The TED conferences (Technology, Entertainment, Design) have grown over the years from a small exclusive symposium for venture capitalists and technology professionals into a network of 1,000 such symposia viewed online by over 300 million people each year (just for reference, that’s roughly the population of the U.S.). The conferences seem to have literally grown into their motto, “Ideas Worth Spreading.” It’s fitting that symposia It’s fitting that with this growth one of the major themes in presentation was so-called “big data”; massive collections of raw data that provide “big picture” illustrations of complex things. The Glory of Big Data, a recent blog post by Juan Enriquez for Popular Science, hails big data as the next “step change” in our technological progress.

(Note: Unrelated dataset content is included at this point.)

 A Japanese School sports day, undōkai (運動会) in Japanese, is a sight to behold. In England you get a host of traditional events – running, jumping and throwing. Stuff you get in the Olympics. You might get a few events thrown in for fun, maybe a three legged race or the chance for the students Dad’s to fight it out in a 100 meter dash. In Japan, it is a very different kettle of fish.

However, looking at something as truly game-changing as big data, one needs to keep a measured optimism.
Enriquez points to the sequencing o the human genome as one of the indicative stories of big data’s game-changing nature. A decade ago, mapping the human genome required pushing the computers at that time to their computational limits. Computers were just able to process the DNA sequences necessary to map out the entire genome, and as Enriquez points out, this massive undertaking turned Craig Ventner’s DNA computing lab into the highest energy consumer in the state of Maryland at that time. Now, the computing power has increased to the point where DNA can be sequenced relatively easily, and protein-to-protein sequences (or “folding”) which requires multiples of the computing power that DNA sequencing does, is now becoming the norm. In fact, the sequencing of one’s own genome could because as affordable as $1,000 a person in the next decade.

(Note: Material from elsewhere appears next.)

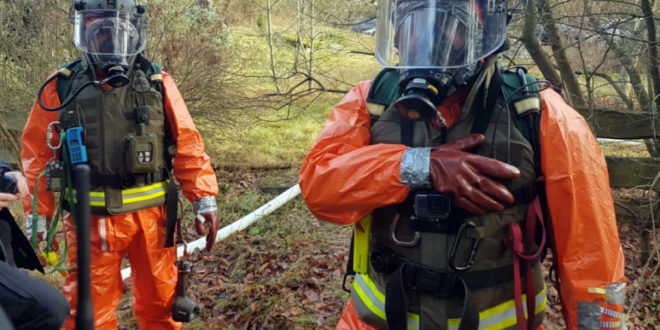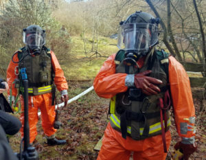 Typowe zadania strażaków-chemików, tym razem w nietypowych warunkach to nowe doświadczenie dla pilskich ratowników.

What are the implications of such vast stores of knowledge? As Enriquez envisions, it’s the difference between warehousing data, or recording it, and programming it. To extend the example of the human genome, it’s the difference between sequencing the DNA to understanding it, and using the DNA sequences to program new life; correcting chromosomal damage, rewriting a dysfunctional gene, creating life. “In other words,” he writes, “in this new era—the transition from digital code to digital-plus-life code—the capacity to generate data exceeds our capacity to store and process it.” But it won’t be that way forever.

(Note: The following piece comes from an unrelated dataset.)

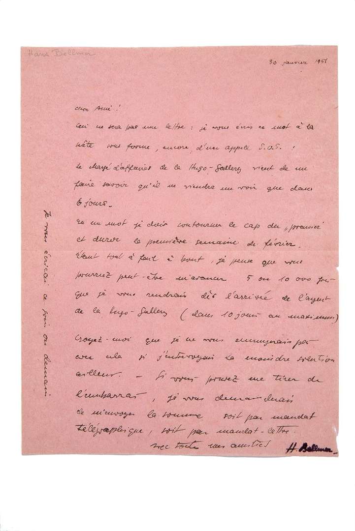 L.A.S. « H. Bellmer », 30 janvier 1951 à un ami | 1 page in-4 sur papier rose.

I’m warily excited to see an era where the sheer amount of information can be processed in such a way as we can begin to rewrite whatever we’re looking at. The ability to compile such depth of information about a single person, whether it be their genetic makeup or their personnel profile, that one can literally extrapolate anything they want. As we’ve seen in the evolution of the Internet Age so far, just having tons of information is only a part of the story. Who controls the information? How can you tell what’s relevant and what isn’t? Who could profit from it and how does one protect the information in a digital world? These are questions that need to be answered as we are reaching the point where “big data” is becoming “big business”.